# Looking for some feedback



## KingBubbaTruck (Apr 23, 2006)

Spent some time yesterday playing around with the camera, Finally found a setting that seemed to sort of work, but I was hoping I could get a little feedback on this, photo wise.  The pen is a cocobolo chrome cigar.  

Seems like no matter what I did, I couldn't get rid of the 'shine line'

I picked up a sheet of polystyrene light diffusing panel at the hardware store, but I guess it didn't diffuse the light enought.  Going to try an old sheet next, I guess...


----------



## Dario (Apr 23, 2006)

Nice pic of a nice pen.  

Having a shine line is actually ideal for me...as long as it is not too glary that you can't see through it any more.

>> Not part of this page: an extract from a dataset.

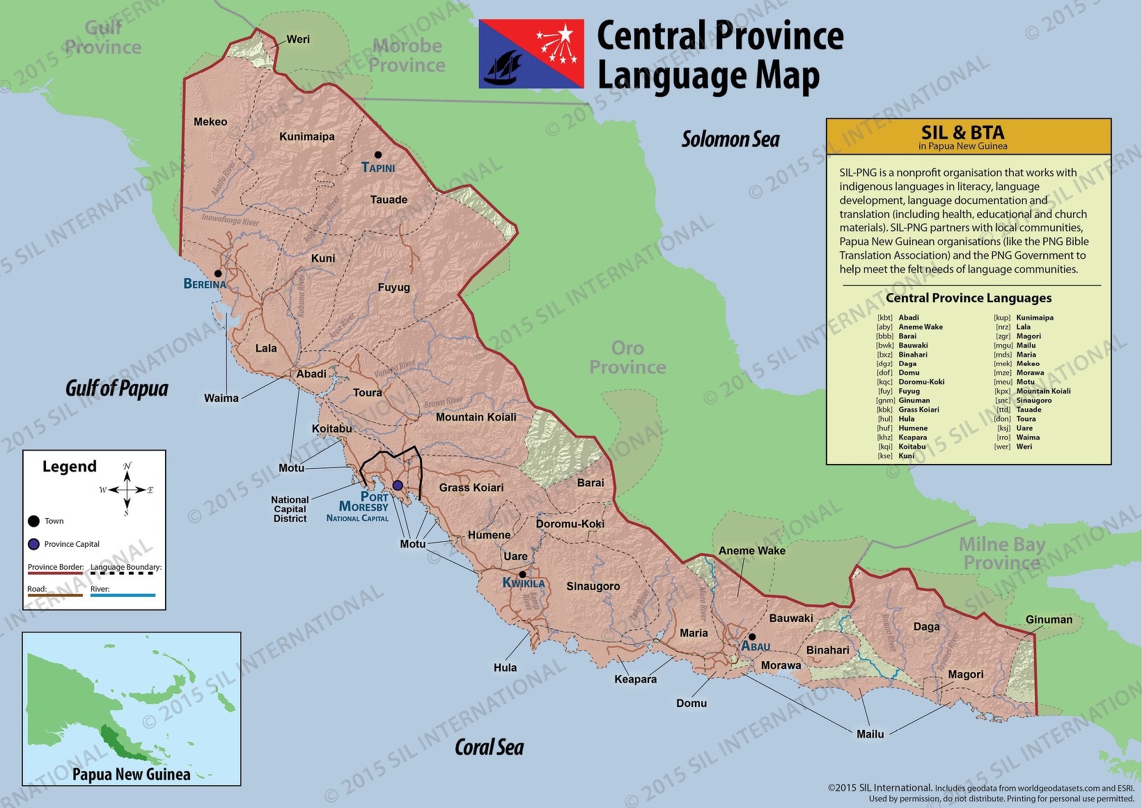 Central Province stretches along Papua New Guinea’s southern coast. It covers 29,998 square kilometers (11,582 square miles) and had 237,016 people in the 2010 census. Its administrative seat is in Konedobu, within the National Capital District, though plans announced in 2007 proposed relocating the capital to Bautama—a project that has seen little progress. While Tok Pisin is Papua New Guinea’s dominant lingua franca, Hiri Motu remains widely used in parts of the southern mainland coast around Central Province. [Source: Wikipedia]

But I myself am struggling with my photos so don't listen to me lol.


----------



## Rifleman1776 (Apr 23, 2006)

Don't know about the shine line. But that is a fine coco cigar and great finish.


----------



## dubdrvrkev (Apr 23, 2006)

Not that my photography is good but the "shine line" can work for your benefit. It can showcase the depth of your finish, of course if you have any flaws it will highlight them also.


----------



## pete00 (Apr 23, 2006)

the shine is not bad on the bottom looks ok. THe top i think covers too much of the wood. Sorry i cant offer any help taking pictures..still learning myself.


----------



## chigdon (Apr 23, 2006)

As long as you are going for a high gloss finish (which I do) having some shine in the finish actually shows that off.


----------



## Johnathan (Apr 23, 2006)

Looks great as far as I can tell.


----------



## Jim15 (Apr 24, 2006)

Great looking pen and finish.

jim


----------



## gerryr (Apr 24, 2006)

Unless you want to spend a few grand on a setup like Bruce Boone uses, you won't get rid of that "shine line."  And, I'm not sure why you would want to, it shows that the pen has a really nice glossy finish.  I would say you've nailed it.  Great photo.


----------



## KingBubbaTruck (Apr 24, 2006)

Thanks for all the comments everyone,  I'll work a little on the composition and what not, but I guess I wont worry about the 'shine'!

Brent


----------



## Mikey (Apr 24, 2006)

When I was first trying to get some pics of my stuff, I realized that I was getting shine from the front of the box where I did not have the fabric. I turned off the overhead light so that the only light was coming from the light source behind the fabric and it took away much of the glare.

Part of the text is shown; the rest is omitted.